Есть с Мирхайдаровым, правда, одна неувязка: выпускников в кабинет географии ходит, по моим наблюдениям, не меньше, чем к Маргарите, странно это. Но, поразмыслив секунду-другую, это-то я как раз себе объяснила. К Нему за просто так, как известно, не подойдешь. Общение с Маргаритой — тоже всегда душевная работа. А к Мирхайдарову идут, по всей вероятности, за простотой. Ага, Мирхайдаров — прост. Ясен. Без особых запросов. Именно с ним — легко просто посидеть, отдохнуть от житейской требовательности и погреться в доверчивом простодушии, снова почувствовать себя ребенком, так, видимо…
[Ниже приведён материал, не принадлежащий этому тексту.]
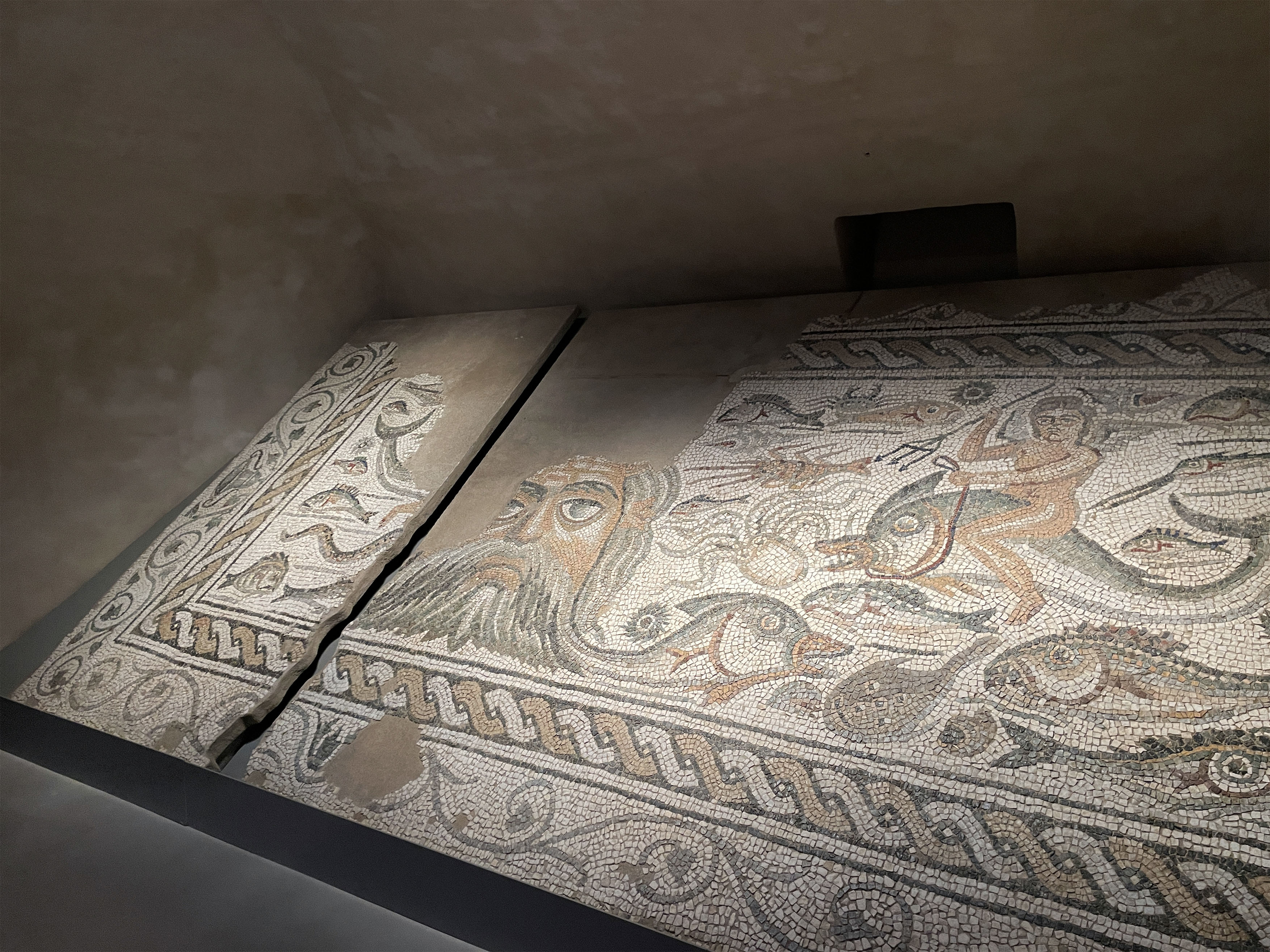 Mosaico di Oceano, tessere in marmo e pasta vitrea (fine III - inizio IV sec. a.C)

Звонок. Учительская вмиг опустела, как сдуло всех. Только Мирхайдаров продолжал сидеть на диване и мягко улыбаться. Кроме меня — никого не осталось, так что улыбался он, видимо, мне. Пришлось подойти. Он встал. «Так никак и не привыкнет?» — вдруг услышала я прямой и дружелюбный вопрос. Я поглядела ему в глаза, чтобы найти там простодушную недалекость. Глаза были скорее печальны. Дна не просматривалось. «Да», — сказала я. «А здорова?» — «Вполне», — сказала я. «И чрезвычайных каких обстоятельств нету?» — «Нету, — сказала я. — Кила души». — «Школа-то ладно… — сказал он задумчиво. Видно было, прикидывает, говорить ему дальше или, может, не надо. — Со школой постепенно наладится…» — «Не уверена, — сказала я. — Может, бросить?» — «Еще чего? — живо воскликнул он. Живости я такой от Мирхайдарова не ждала. — Машку я не отдам. Переможем! Еще потом, может, погордимся…»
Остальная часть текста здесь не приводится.